Герми поморщилась, но слушать было весьма интересно. Она постаралась придать своему голосу больше нейтральности:
— Почему ты не ушел, если тебе не хотелось служить Волдеморту?
Скабиор закусил губу. От его беспрестанного ерничанья не осталось и следа.
— Я уже сказал. Мне нравилась эта работа, она не заставляла меня строить из себя кого-то другого. Долгие годы я охотился в лесах, изучил их. Для оборотня, не страдающего излишним самокопанием, ничего более хорошего не найти. Мне казалось, это честно. Мы бежим. Я быстрее — я победил. Охота хранила меня живым и давала силу. Первая официальная работа за столько лет жизни, да еще и на Министерство, ты представь, как это сносит крышу отребью магического мира.
Вот значит, что ты за зверь. Право сильнейшего. Никакой эмпатии. Эго, подпитываемое болью и унижением других.
— И развязывает руки? — с горечью спросила девушка.
— Да, — он посмотрел на нее спокойно и серьезно, кивнул. — Забавно, мой дядя сказал мне тоже самое, что и ты.
Вот так новость! Неужели нормальный человек в еще одной чистокровной псарне, подумала Герми, вслух же сказала нечто другое:
— Пий был против Волдеморта?
— О, да, — Егерь улыбнулся, но не своим обычным оскалом, видимо в его душе все же было место светлым воспоминаниям. И дядя был одним из них. — Лучше сказать, что Пий ненавидел Волди. Он, наверное единственный из нас, кто предугадал дальнейшее развитие событий. Ну, что змееныш нас просто использует и бросит в самое пекло битвы, обещая свободу и равенство.
— А разве это было не очевидно? — хмыкнула Гермиона.
— Представь себе, нет. Мы сильнее волшебников и должны были победить. В любом случае, терять нам особо нечего, — егерь мрачно усмехнулся. Теперь, когда они говорили без всяких ужимок, Гермионе даже стало интересно. — Пий очень меня просил уйти и из егерей, и из Армии. Но мне казалось, что я на своем месте. Мы так и не увиделись, до самой его смерти. Он умер в 1999. Пока я прятался.
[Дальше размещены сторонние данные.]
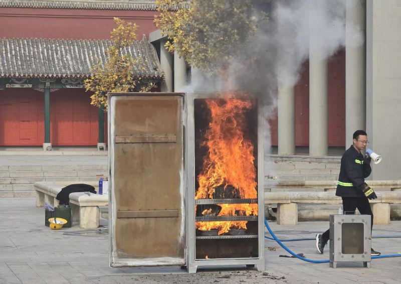 随着新能源汽车和电化学储能产业快速发展,锂电池火灾事故呈上升趋势。本次座谈会创新采用“实战演示+深度研讨”模式。上午,嘉宾观摩了锂电池火灾模拟扑救演示,上海联捷科技展示的“精准降温—惰性抑制—智能阻断”三维灭火系统,通过高压细水雾与相变材料协同作用实现秒级火情阻断。

— Мне жаль, — она не должна была сочувствовать этому, но по егерю было видно, что он любил Пия. И может быть это вообще единственное теплое, что было в его жизни.
Он удивленно глянул на нее и нервно сжал губы на несколько мгновений. Повисла тишина.
— Спасибо за сочувствие, — внезапно выдавил он, глядя в пол.
Девушка улыбнулась, что-то новенькое. Очередная игра?
— О, поверь, эмпатия — это нормально. Хотя ты знаешь, скажу честно, желания защищать оборотней, если они все такие же, как ты, у меня значительно поубавилось.
— Сивый умер, так что из самых херовых остался я, — он оскалился вполне безобидно и зашевелился в кресле, пытаясь устроиться поудобнее. Гермиона могла себе представить, как наверняка у него затекло тело от долго сидения в не самой удобной позе. Но предпринимать ничего по этому поводу не собиралась. Пока.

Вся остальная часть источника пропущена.